I had the pleasure of speaking with Allison Bacher, also known as the Agile Angel, one of the most thoughtful voices at the intersection of coaching, data and AI. Allison has spent years working with CTOs and product leaders, helping their teams perform at a high level while staying human-centred and commercially grounded.
She is also the co-creator of Performalise, an AI-powered coaching platform that shines a light on what she calls the “silent data” behind team performance.
I am excited to share her insights on blind spots in coaching, how AI can help at scale and what it really takes to prove the value of agility in the boardroom.
Seeing the Blind Spots Coaches Cannot Avoid
Most Agile coaches work across several teams. Different locations, different time zones, different levels of maturity. It sounds normal, but Allison is very clear about what this means in practice.
“Agile coaches do not scale,” she told me. “We are not in every meeting. We do not hear every comment. By the time something shows up in a retrospective, the moment for a real intervention has already passed.”

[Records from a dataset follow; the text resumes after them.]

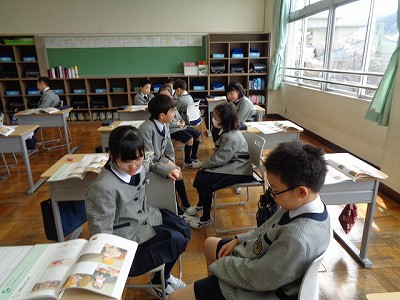 月影の時間に、道徳の教科書のお話「生きたれいぎ」を読んで学習しました。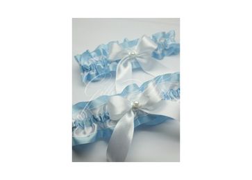 Свадебные подвязки, сделанные из атласа белого и голубого цветов. Украшены бантом и жемчугом.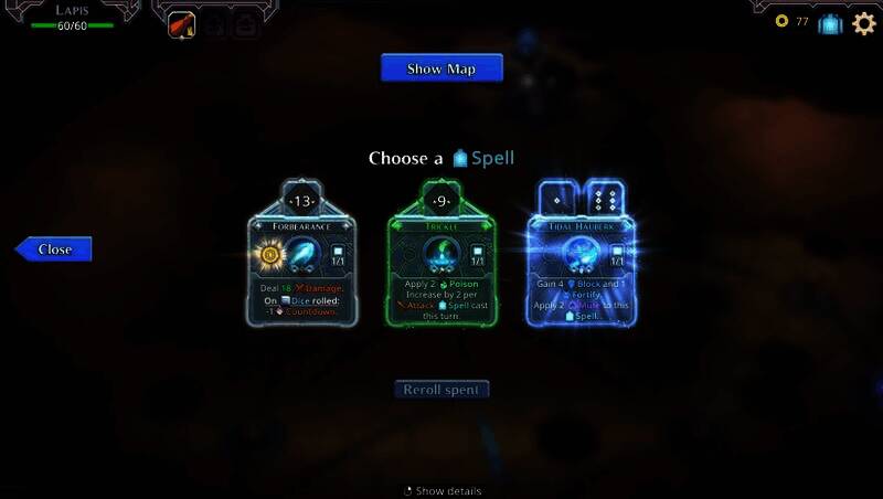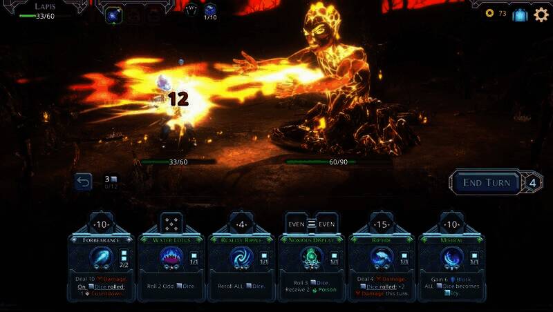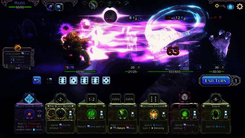 玩家通过投掷骰子激活法术效果,骰面点数直接影响技能强度与触发概率,如“大漩涡”与“愚人希望符”组合可造成连锁伤害。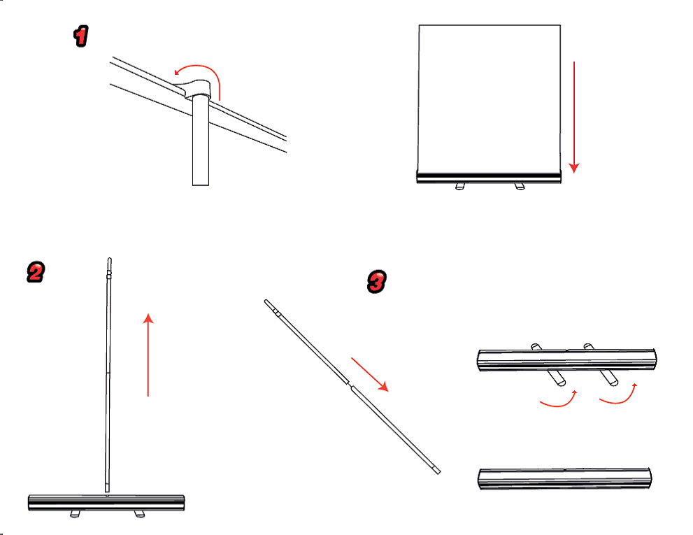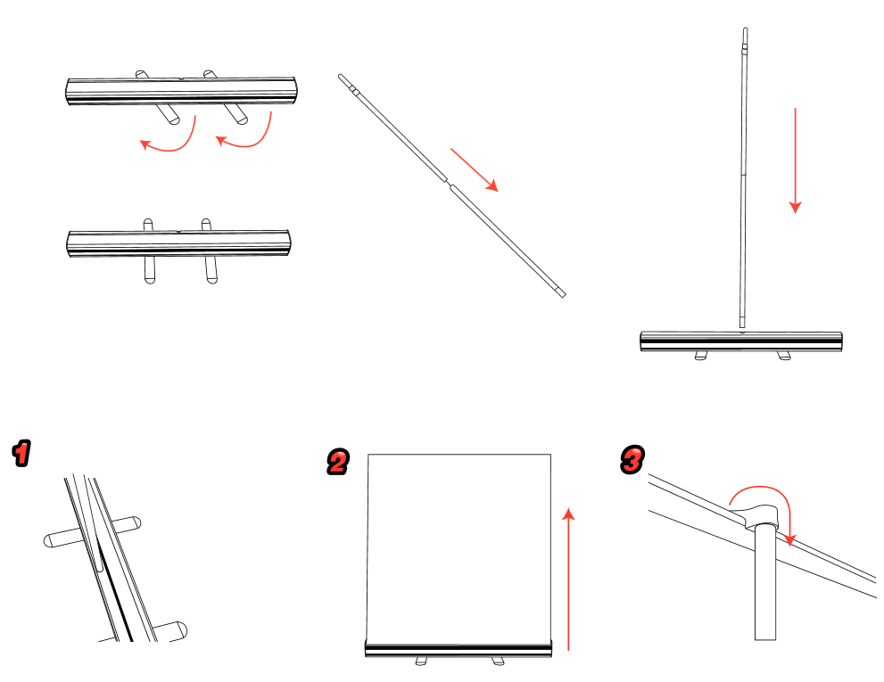 - Retournez le ou les pieds parallèlement à l’axe du roll-up (sauf pour les enrouleurs premium qui n’ont pas de pied visible).

Those missing moments create blind spots. Teams may share curated metrics or filtered feedback, and important patterns stay hidden.

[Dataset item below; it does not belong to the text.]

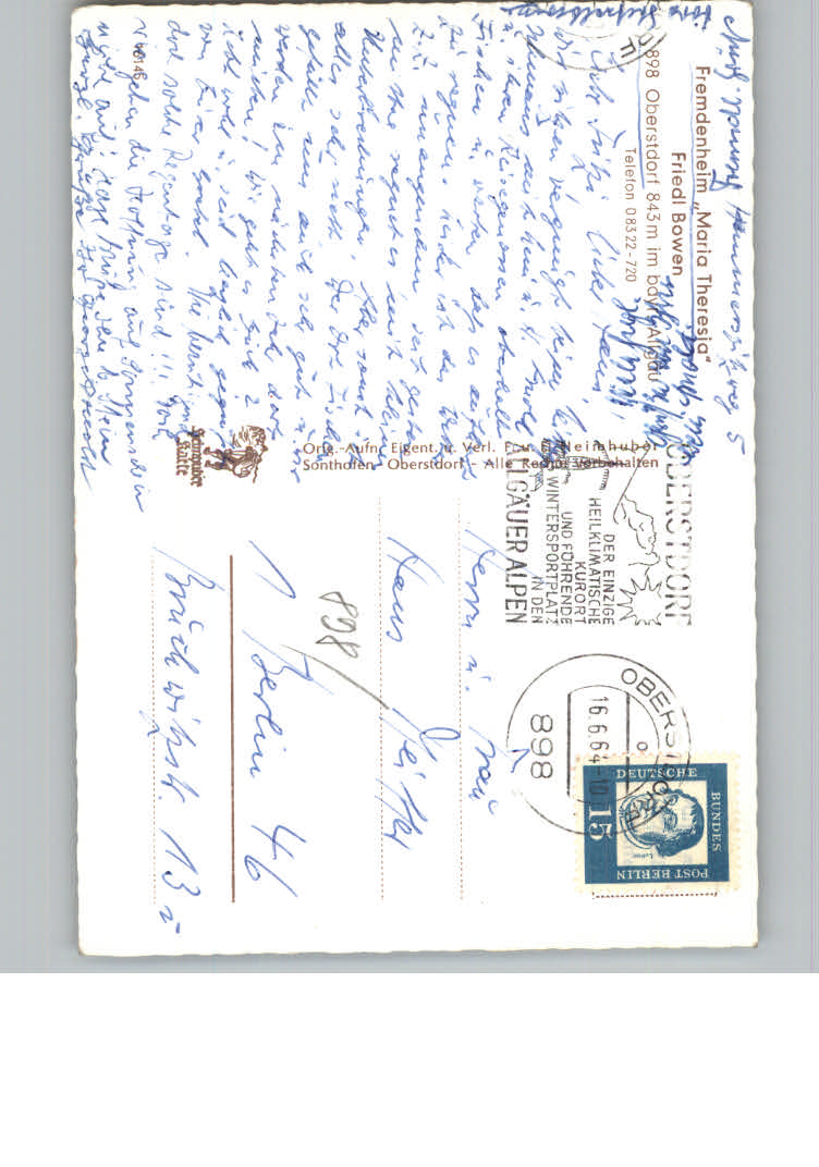 31172797 Oberstdorf Fremdenheim Maria Theresia postalisch nicht gelaufen KatCode: 11110009780133

This is where Allison sees AI as a partner rather than a threat.
“We can use AI to look for patterns in flow, churn, rework, stakeholder satisfaction and even team confidence,” she explained. “It picks up the behavioural signals we would never see in real time on our own.”
Instead of relying only on what teams choose to report, coaches can work from a richer picture of how the system actually behaves.
At scale, the challenge becomes even sharper. A few coaches. Many teams. A lot of pressure to tell leadership what is really happening.
Allison is careful about the role of metrics here.
“A single metric is a very blunt instrument,” she said. “Velocity on its own does not tell you anything useful. What matters is clusters of metrics that show trends. We do not want to become the metrics police. We want to be the people who see the patterns.”
She emphasises that the intent is never to compare teams or name and shame. Instead, AI can highlight where refinement is weak, where work repeatedly rolls over, or where stakeholder engagement is low.
“If I have 5, 10, even twenty teams, I do not need to look at everyone every day,” she said. “With the right metrics and dashboard, I know exactly which five I need to see today and why.”
The result is more focused coaching and less noise for teams.
Proving That Agility Is Working
Sooner or later, every coach hears the question: “Is this Agile thing working?” Often very early, sometimes after the very first sprint.
Allison’s advice is to start in the executive’s world, not ours.
“We have to get in their shoes first,” she said. “What do they actually care about? Time to market. Risk. Customer outcomes. If we answer with story points and velocity, it does not land.”
Instead of promising that things will be faster, cheaper and better, she suggests using “rich data” that connects directly to outcomes.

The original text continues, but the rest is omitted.